The best case scenario is putting 8130.8 back the way it was prior to the 5-year cycle student shuffle it is now. Just because they missed their target this time does not mean FCPS is done here. Not even close. They are just laying low, regrouping, and adjusting. (I recognize that it does not feel that way for some families, but this version is VERY scaled back).
Anonymous
Anonymous wrote:
Anonymous wrote:
Anonymous wrote:How can we get them to not do this every 5 years? This is a brutal process and a ginormous waste of funds.

I still don’t understand why they touched Coates when that’s going through a more thorough process.


Between now and five years from now, there are school board elections. Organize now. Recruit candidates now. Someone who can get elected and will run on reversing this misguided approach.

It's funny that after seeing the relatively minor changes, you're all freaking out. This is really the best case scenario.


It’s not the best case scenario if your kids are being moved against your wishes, or if you wanted them to follow a process aligned with Policy 8130. Many of these proposals create as many problems as they solve, and it will be five months before people have any idea whether and how the proposals are being modified.
Anonymous
Anonymous wrote:
Anonymous wrote:
Anonymous wrote:It seems like Thru came up with something because they HAD to, but were far more limited than FCPS originally intended. The result is some things that do not appear to make any sense and run counter to the existing guidance in 8130.8.
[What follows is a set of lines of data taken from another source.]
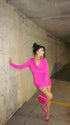 This long-sleeve satin hot pink dress will have everyone turning heads! The low cut neckline and flattering long sleeves create a perfect dress for a night out.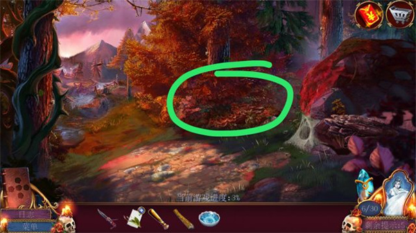在左侧点击,获取荆棘丛中的小枝条,利用这个小枝条来解脱手套,然后使用手套拉动荆棘(从屏幕中央的荆棘尖端开始,向屏幕边缘的荆棘底部滑动),进入下一个场景。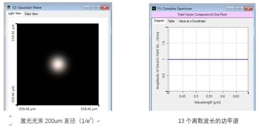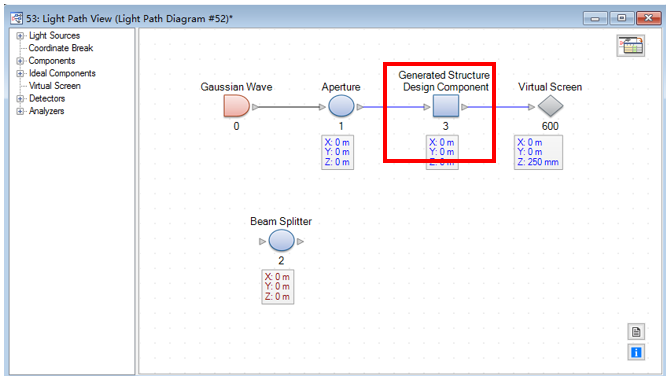 8) 建立一个高斯光束,修改光束直径以及波长参数,在DOE元件的基础上建立光路图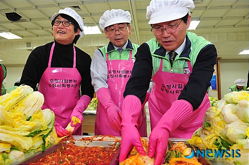 27일 오후 서울 광화문우체국 대강당에서 열린 우정사업본부 전국 쉼터보호 아동을 위한 사랑의 김장나누기행사에서 정경원 우정사업 본부장(가운데), 김현태 보험사업단장(오른쪽)이 홍보대사 가수 김현철과 함께 김장을 담그고 있다.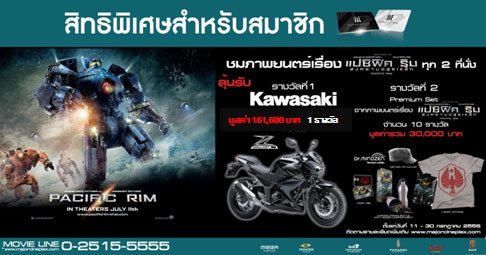 เงื่อนไข : 1. สมาชิกบัตร M GENERATION ที่ได้รับสิทธิ์ลุ้นรางวัลจะต้องชมภาพยนตร์เรื่อง Pacific Rim 2. รางวัลที่ 1 จะทำการ Random จากสมาชิกที่มีคะแนน 800 คะแนนขึ้นไป 3. รายชื่อสมาชิกทั้งหมดที่มีสิทธิ์ลุ้นรับรางวัลจะถูกส่งมาที่ระบบ ในวันที่ 1 สิงหาคม 56 และทำการ Random ผู้โชคดีในวันที่ 2 สิงหาคม 56 4. ประกาศรายชื่อผู้โชคดีในวันที่ 5 สิงหาคม 56 ทาง www.majorcineplex.com 5. สำหรับผู้ที่ได้รับรางวัลที่ 1 จะต้องชำระภาษี หัก ณ ที่จ่าย 5% ของมูลค่าของรางวัล โดยชำระเป็นเงินสดก่อนรับของรางวัล 6. ผู้โชคดีมีสิทธิ์รับรางวัลเพียง 1 รางวัล เท่านั้น 7. กรุณาติดต่อรับของรางวัลภายในไม่เกิน วันที่ 30 สิงหาคม 56 ในวันและเวลาทำการ จันทร์-ศุกร์ เวลา 10.30 - 17.30 น. เท่านั้นที่เมเจอร์ซีนีเพล็กซ์สาขารัชโยธิน ชั้น M โทร 02 511 5427 ต่อ 254 หากไม่มารับของรางวัลในระยะเวลาที่กำหนดถือว่าสละสิทธิ์ 8. พนักงานของบริษัท เมเจอร์ ซีนีเพล็กซ์ กรุ้ป จำกัด (มหาชน) และ คณะกรรมการดำเนินรายการ พร้อมทั้งครอบครัว ไม่มีสิทธิ์เข้าร่วมรายการ 9. บริษัทฯ ขอสงวนสิทธิ์ในการมอบรางวัลแก่ผู้โชคดีที่มีชื่อ - นามสกุลตรงตามบัตรประชาชน และตรงกับบัตรสมาชิก M GENERATION เท่านั้น โดยผู้โชคดีจะต้องนำบัตรประชาชนมาใช้เป็นหลักฐานในการรับรางวัล (กรณีเป็นเด็ก ให้ผู้ปกครองนำหลักฐานมาแสดงตน ว่าเป็นผู้ปกครองเพื่อขอรับรางวัลแทนได้) 10. ของรางวัลนี้ไม่สามารถมอบหรือ โอนสิทธิ์ให้กับผู้อื่น หรือไม่สามารถแลกเปลี่ยนเป็นเงินสดได้ 11. ผู้ได้รับรางวัลต้องรับผิดชอบค่าจดทะเบียน ค่าพรบ. หรือค่าใช้จ่ายอื่นๆที่เกี่ยวข้องเอง 12. บริษัทฯ ขอสงวนสิทธิ์ในการเปลี่ยนแปลงเงื่อนไขโดยไม่ต้องแจ้งให้ทราบล่วงหน้า 13. การตัดสินของบริษัทฯ ถือเป็นเด็ดขาดและสิ้นสุด

If you are affected by a weird proposal, I would treat the “odd proposals” as a softball tossed to you by Thru. Identify all the relevant factors in 8130.8 and how they are not met/guide counter to the proposal. Then provide that feedback in the upcoming sessions and to your SB reps.

The way I understand the process, Thru will take thud feedback, but it is up to Reid to make a proposal and the SB to accept or deny the proposal. 8130.8 provides for a number of areas for superintendent discretion. Focus on those:

https://go.boarddocs.com/vsba/fairfax/Board.nsf/files/D7HREM6DA7C5/$file/P8130.pdf

Focus on the factors on page 3.



So HV families should question the creation of a new split feeder when they were aiming to get rid of them?


Hunt Valley isn’t a split. Those kids will attend Newington Forest.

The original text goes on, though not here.